The Giants, on the other hand, turn half their roster into stuffed animals, and to be honest, when I think irrepressibly madcap and impish, my mind immediately goes to Brian Sabean and Bobby Evans. You know, the sort who would drink out of a fisherman’s boot and tell ribald stories of the road.
Well, okay, maybe not Evans so much.
Anyway, because the A’s were dismissing the idea of a Zito start, this seemed like the smartest notion ever. And now that we seem to have it, I, for one, am having buyer’s remorse because of the following factors:
1. Starting Zito is clearly a sop to the fans.
2. The fans may prefer the Giants being humiliated to watching Zito pitch.
3. If that’s what the fans want, and the A’s have already acknowledged that in this one instance they are willing to pander to the customer base, why not re-pander? After all, once you’ve lost your panderer’s virginity, you cannot re-attain it retroactively. Once you’re in on the idea of sucking up to the proles, you’re in all the way.
4. So maybe what the fans want isn’t nostalgia, but the absolute antithesis of nostalgia, specifically the very visceral and immediate joy of screwing their imperious financial overlords.
5. Besides, the Giants might helped all our cases by hairballing Wednesday’s game in San Diego while Los Angeles ended its losing streak against Arizona and turning the illusory promise of six games back with 12 to play into the depressing mileage of seven with 11. Thus, the A’s may not get to ruin the Giants’ season, as it may already be damaged beyond repair.
And that brings us to the notion of giving the fans what they want by not pitching Zito rather than giving the fans what they want by pitching Zito.
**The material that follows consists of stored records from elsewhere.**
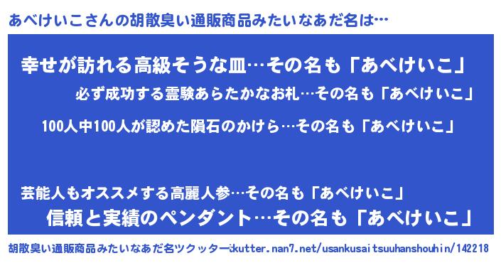 | 意味不明あだ名 | 『眠気覚ましガムあべけいこ味』 |
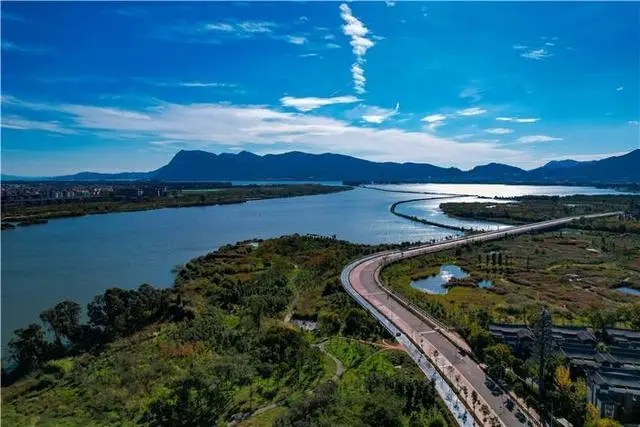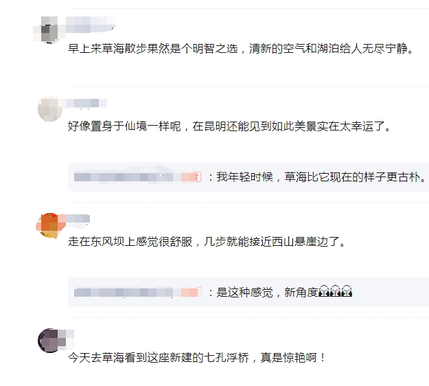 据了解,滇池绿道环草海段已经全部开放,约23公里长的绿道蜿蜒在波光粼粼的滇池草海沿岸,山水景廊、朝云桥、绿道浮桥等景观也一一呈现。
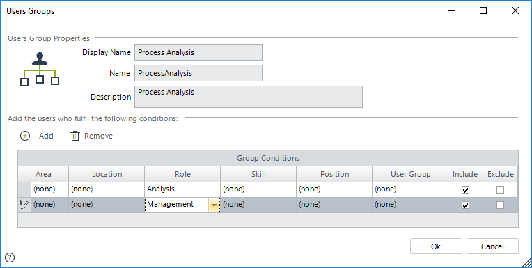 Debido a que las consultas se utilizan para buscar casos que cumplan con criterios definidos y realizar análisis, solo las personas encargadas del análisis del desempeño de los Procesos deberían poder acceder a ellas. Creamos el grupo de Usuarios Grupo de Análisis de Procesos (Process Analysis group) donde incluimos los Roles de Análisis (Analysis) y Gestión (Management).
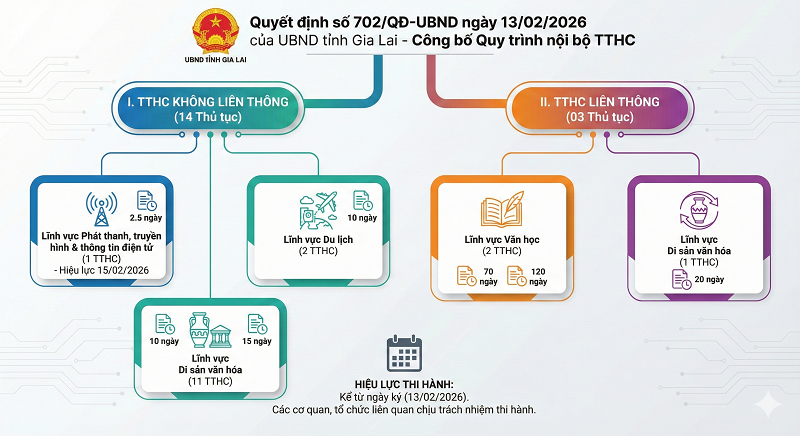 Theo đó, công bố quy trình nội bộ giải quyết 14 thủ tục hành chính không liên thông, gồm:
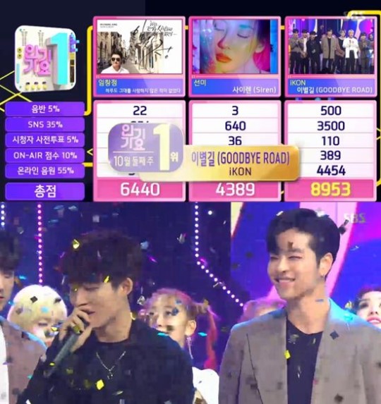 그룹 아이콘이 '이별길'로 '인기가요' 1위를 차지했다.

And that presumes that Zito cannot summon the thunder one last time and bludgeon the Giants so soon after helping them win the ring they now wear proudly on their middle fingers.
At least you’d hope they’d wear one there just to deal with all the people who ask, ”Do you ever wear your rings?”
So in summary, A’s manager Bob Melvin has been asked to figure out what his bosses want, what his players want, what the fans want, what we want, and why we may not want what we want even after we said what we wanted. Frankly, why he isn’t a raging alcoholic with self-applied hammer dents in his forehead by now is a complete bafflement.